Эпическая традиция предлагает причинное объяснение превращения тела из зримого в незримое в порядке второго чуда. Когда богу-покровителю героя надо спасти героя от гибели, он окружает его темным облаком и уносит с поля битвы. Так неоднократно были спасены Гектор Аполлоном, Эней и Парис — Афродитой, Сарпедон и др. Афина окружает тьмой Одиссея, чтобы он не был замечен. Сами боги предстоят пред лицом смертных невидимыми существами. Почему? — Потому что, как мы уже знаем из мифологии, на глазах смертного лежит пелена. Зрение смертных предельно. Они не могут видеть богов. Но когда боги снимают с глаз смертного пелену (ограниченность зрения), смертный полностью прозревает, обретая божественное зрение: он видит бога, он видит всё.

Во время собрания ахеян в сцене ссоры Агамемнона с Ахиллом Афина является на собрании зримой только для Ахилла, с глаз которого спала пелена мрака, но для других она остается незримой (Ил. II).

Позднее, еще на почве эпической традиции, античный рационализм, покидая мир чудесного, при своей натурфилософской тенденции, пытается истолковать причину того, почему боги незримы, при помощи учения о тонком эфирном веществе, из которого якобы состоят тела богов: это нечто вроде сухого огня Гераклита. Гомер указывает на особый состав — лимфу[40], текущую в кровеносных сосудах богов вместо крови. Но эти объяснения не делают богов менее материальными. Их тела остаются трехмерными (и подверженными органическим процессам). Боги ели, пили, вступали в половые сношения, рождались, росли и пр. Они не были также призрачными или тенеподобно-облачными, подобно сотканным из эфира призракам, но могли таковыми предстать.

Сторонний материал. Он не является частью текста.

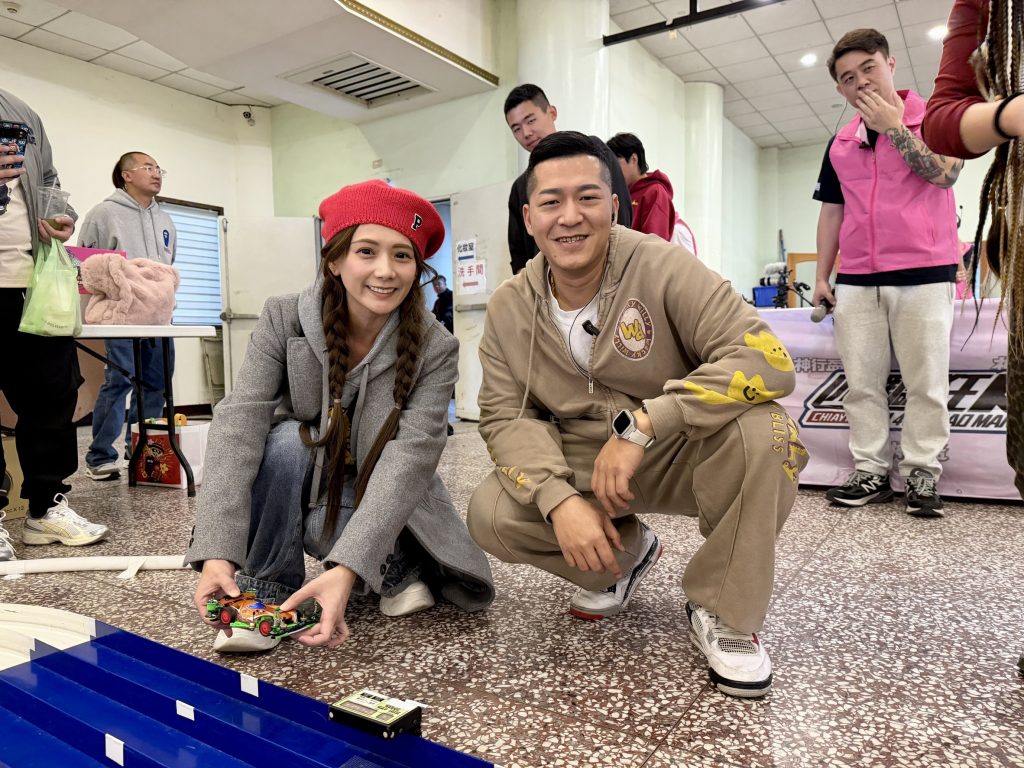 (由左至右)女神解婕翎也前來參加草爺舉辦「神行盃」活動,體驗「四驅車+ 鑽轎底」的競速祈福。(紅心字會 提供)
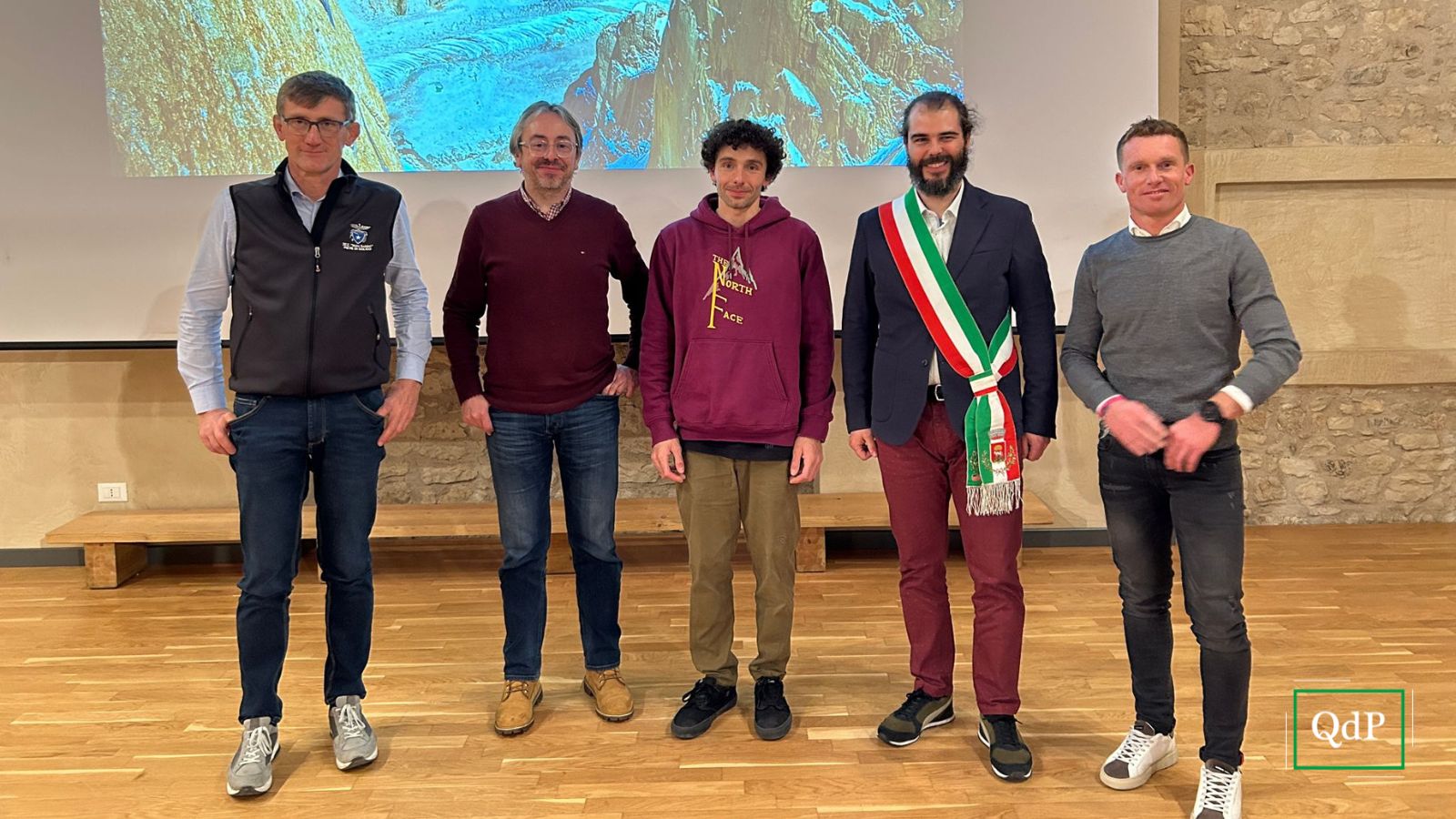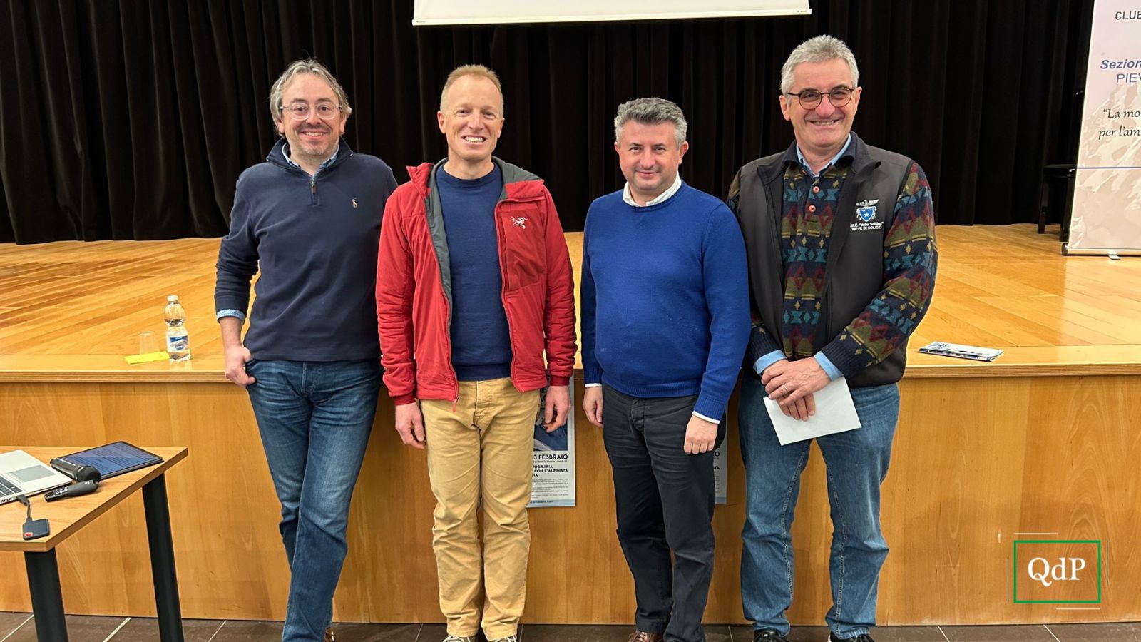 Dopo i saluti del sindaco Denny Buso e del presidente del Cai di Pieve di Soligo, Federico Trinca, sono stati proiettati i video e le foto delle avventure in alta quota di Larcher, che ha mosso i primi passi “verticali” all’età di dieci anni in palestra.
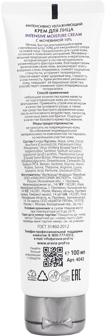 ARAVIA Крем для лица интенсивно увлажняющий Intensive Moisture с мочевиной (10%), 100 мл 463 ₽

Впрочем, и эти, якобы призрачные, призраки, эти облачные существа, как и сама богиня облаков Нефела, вовсе не столь облачны и не столь призрачны: с призраком Елены Парис, а затем Троянский царевич Деифоб разделяют ложе в Трое, обнимая отнюдь не тенеподобное тело, а плоть женщины; и Менелай у Еврипида — до его прибытия в Египет — отнюдь не играет роль дремного целомудренного созерцателя красоты вновь обретенной «призрачной» Елены. Он не тщетно, как Фауст у Гёте, протягивает к ней руки. Иначе он не обманулся бы: Елена — женщина, тело. И Иксион не поддался бы обману, если бы призрак Геры был только призраком. Ведь призрачная «Гера» родила от Иксиона Кентавра. Сама Нефела, богиня облаков, будучи женой Афаманта, родила ему Фрикса и Геллу.

Конечно, мы можем и здесь увидеть во влюбленных героях безумцев, принимающих галлюцинацию за действительность и призрак (фантом) за женщину, как это лукаво дано в неоконченной повести Лермонтова «Штосс». Там художник Лугин играет в штосе со стариком-призраком (якобы призраком) на фантом женщины, реющей за плечом таинственного ночного гостя. Но эллинский миф не позволяет себе в тексте такой психологической игры. Он всегда до конца реален. И если налицо галлюцинация, мнимость, как это представлено в борьбе героя с оборотнями водяной стихии, то миф открыто заявляет: «Это морок, это только эстетическая игра». В мифах о второй Елене и о мнимой Гере «призраки» введены моральной тенденцией (в более позднюю эпоху) с целью спасти честь почитаемой в Спарте богини Елены или честь богини Геры, почитаемой всей Элладой. Но для логики чудесного моральная тенденция не имеет обязательной силы. Если логика требует страстных объятий, то призрак обретает все качества страстной любовницы, хотя, как призрак, обладать ими не может. Призрак не может — но логика этого хочет: и чудо совершается[41].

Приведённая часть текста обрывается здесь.